- [DIRECTIONS FOR THIS TASK] At the line that holds "Chicken Puff is a", start repeating, and keep going exactly through the final line of the material; include both ends and skip the pictures.

- [DATASET EXTRACT]
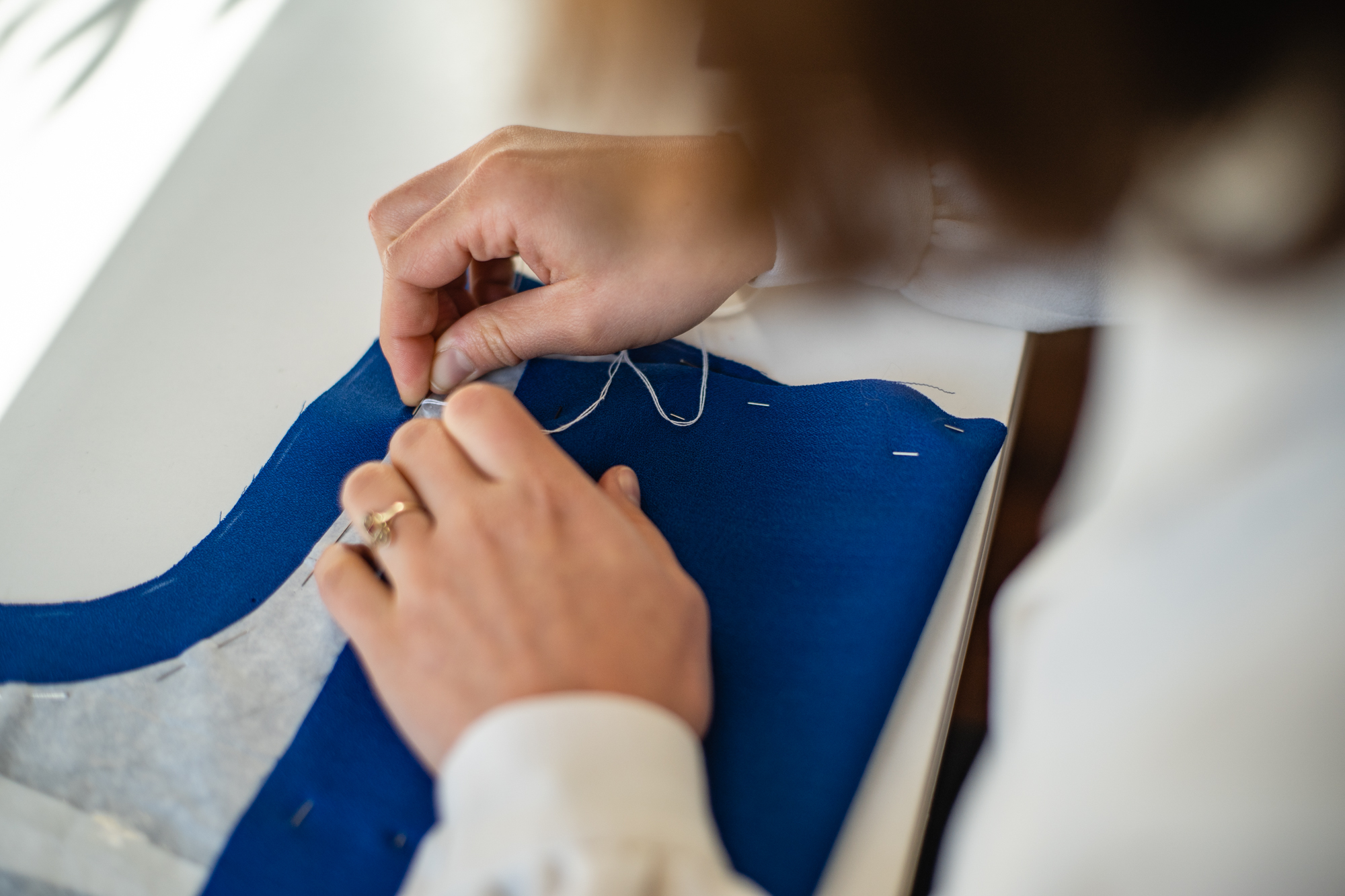 La petite maison de grande couture permet de qualifier ce travail d’artisan-couturière guidé par la recherche de l’excellence où le savoir-faire s’exprime à travers chaque étape du vêtement.
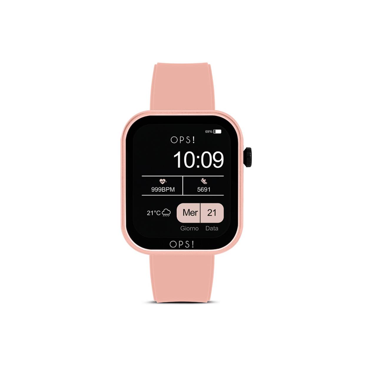 Smartwatch with ABS case and hypoallergenic silicone strap. Case dimensions 40x44x10.7 mm with 1.83″ color full touch display. Inner circumference of the strap: 180mm to 140mm. Steel pin clasp.
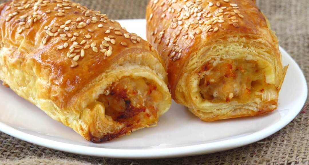 Chicken Puff is a popular snack food made with a pastry crust filled with a savory chicken filling. The filling is usually made with cooked chicken, onions and spices. The pastry sheet is usually made with all purpose flour and oil and is easily available frozen or can be made from scratch. The pastry is then filled with the chicken mixture and baked until golden brown. Chicken Puff is often served as an appetizer or snack, and tastes best when served hot.
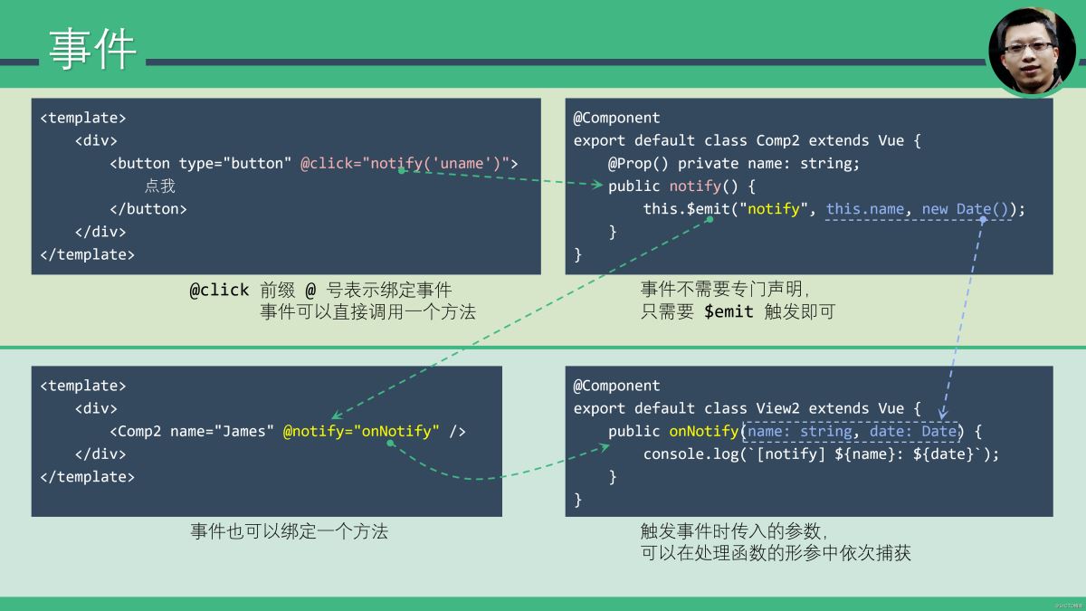 在 HTML 或自定义组件标签中使用 @ 前缀的事件名,可以绑定事件处理函数。Vue 实现了部分 HTML 事件,比如 @click 可以直接绑定。组件也可以“定义”自己的事件,不需要提前声明,只需要 this.$emit() 直接触发即可。

- [TASK OUTPUT]
 Chicken Puff is a popular snack food made with a pastry crust filled with a savory chicken filling. The filling is usually made with cooked chicken, onions and spices. The pastry sheet is usually made with all purpose flour and oil and is easily available frozen or can be made from scratch. The pastry is then filled with the chicken mixture and baked until golden brown. Chicken Puff is often served as an appetizer or snack, and tastes best when served hot.
 在 HTML 或自定义组件标签中使用 @ 前缀的事件名,可以绑定事件处理函数。Vue 实现了部分 HTML 事件,比如 @click 可以直接绑定。组件也可以“定义”自己的事件,不需要提前声明,只需要 this.$emit() 直接触发即可。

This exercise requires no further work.